3. Лягушка спермы отслеживания методом с использованием камеры Зигмунда

1. Подготовьте рабочее место перевернутый микроскоп для видеозаписи. Мы используем Nikon Elipse TE300 инвертированного микроскопа оснащены либо Sony DXC-390 3-чип цвета аналог видеокамеры или Hamamatsu ORCA-03G монохромный цифровой камеры. Слайд Зигмунд камера должна опираться на этапе до стороне вниз с достаточной открытия в стадии пластины для размещения 22x40 мм стеклянной крышкой. Эта мера продиктована тем, что лягушки спермы не могут плыть против силы тяжести. Фокус либо 4x или 10x объектив на смотровой площадке работает между двумяжелобов.
2. Тест, чтобы убедиться, что камера фокусируется по центру на смотровой площадке. Если камера Sony используется, вывод направляется в видеомонитор и A / D конвертер (видеозахвата), способные оцифровки 7 кадров в секунду от видеосигнала. Цифровой поток обрабатывается с помощью компьютера на частоте 3 ГГц или более предпочтительно с 4 Гб или более оперативной памяти. Хотя мы используем Scion Image программное обеспечение (специальная версия Windows, из NIH Image) контроль Scion CG-7 видеозахвата, эти продукты больше не доступны. Текущее решение состоит в использовании программного обеспечения изображения J с VirtualDub плагина для аналогового захвата видео камер. Если камера Хамамацу, то на его цифровой выход обрабатывается программным обеспечением Olympus cellSens и отображаются на мониторе компьютера. В обоих случаях данные сохраняются на любой внутренний или внешний жесткий диск, как 8-битный стек TIFF. Использование программного обеспечения изображения Scion требует преобразования последовательности изображений Tiff в стек с помощью изображения J.
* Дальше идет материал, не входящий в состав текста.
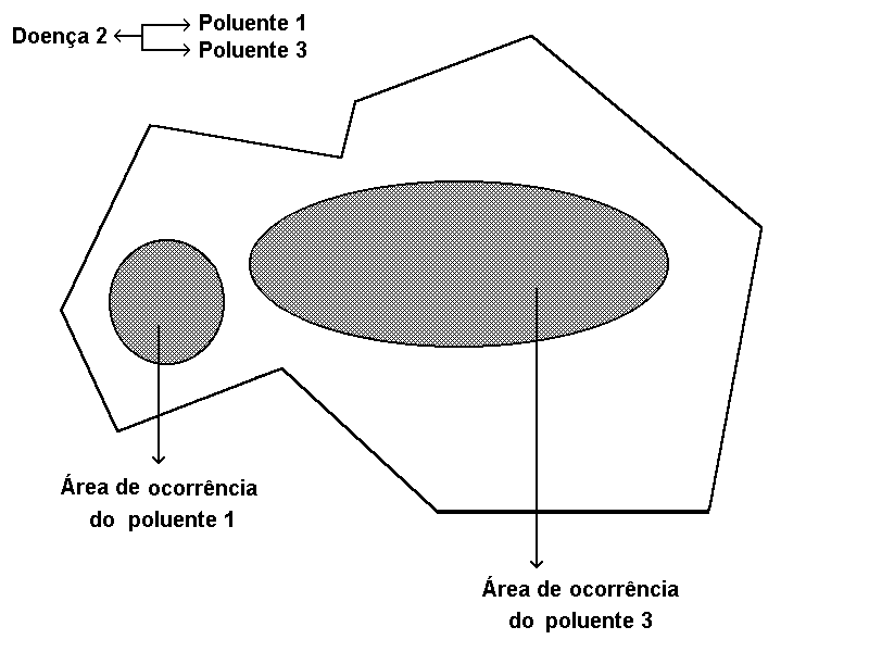 1) Primeiramente, através do SIG, pode-se lançar sobre um mesmo mapa básico de um município a área de influência (dispersão) dos poluentes, isoladamente. Obter-se-á, em consequência, tantos mapas temáticos de poluentes quantos poluentes conseguirmos levantar (Figura 4).

микроскопическое поле должно включать все или почти все ширина платформы наблюдения. Использование фазового контраста или темно оптики поле для достижения наилучших результатов. Расстояние между поверхностью смотровой площадки и нижнюю часть крышки стекла должна составлять от 15 до 20 мкм, как определено дифференциальное упором на каждой поверхности.
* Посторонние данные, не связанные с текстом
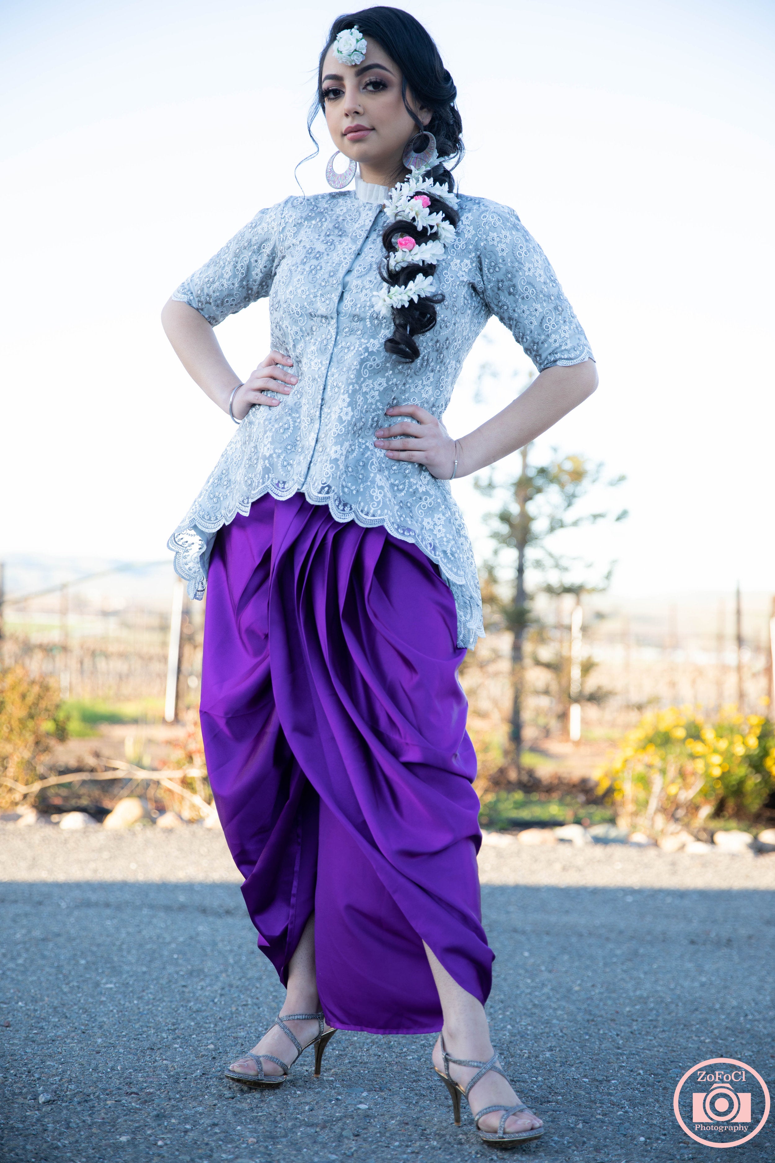 An amethyst colored satin pleated wrap dhoti skirt with a grey and silver thread work peplum top with scalloped border and 3/4 length sleeves.

3. Подготовка хемоаттрактант при соответствующей концентрации в Формуле-1 буфере. Подготовка Xenopus laevis спермы, как описано выше и хранить в 1,5 х or2 буфера на льду до использования.
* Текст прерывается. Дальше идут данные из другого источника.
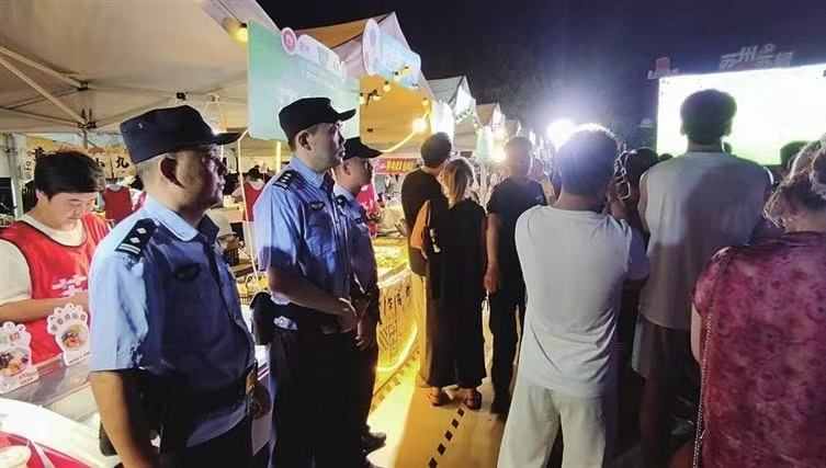 為了讓更多人感受到足球的樂趣,園區推出多個“足球夜市”點位。為確保“蘇超”戶外觀賽點安全有序,湖東派出所針對“蘇超夜市”觀賽區,構建“空地聯動+精準宣防”立體化勤務模式,讓盛夏“足”夠精彩。

4. Сборка камеры Зигмунд. Начнем с сухой чистой камере. Использование микропипетки месте линия силиконового масла (4 мкл) около 5 мм от и параллельно внешнему краю каждого желоба. Место 22x40 стеклянная крышка мм на камере позволяет силиконовое масло, чтобы равномерно распределить на внешнем крае каждого желоба. Если предварительные эксперименты показали, что сперма сцепления проблема, возможно, потребуется, чтобы покрыть защитным стеклом с нитроцеллюлозы как это было предложено Фабро и соавт. ^3. Alternнительно, включение белка в буферы используются (например, 1% BSA) может также уменьшить спермы прилипания.
5. Обратить камеру и поместить на круговой вырез в столик микроскопа быть осторожным, чтобы покровное стекло не вступать в контакт с этапа. Это перевернутая конфигурации, необходимые для доставки Xenopus спермы от корыта на платформу. В отличие от млекопитающих, сперма, сперма Xenopus не достаточно сильны, чтобы плыть против силы тяжести достичь платформы.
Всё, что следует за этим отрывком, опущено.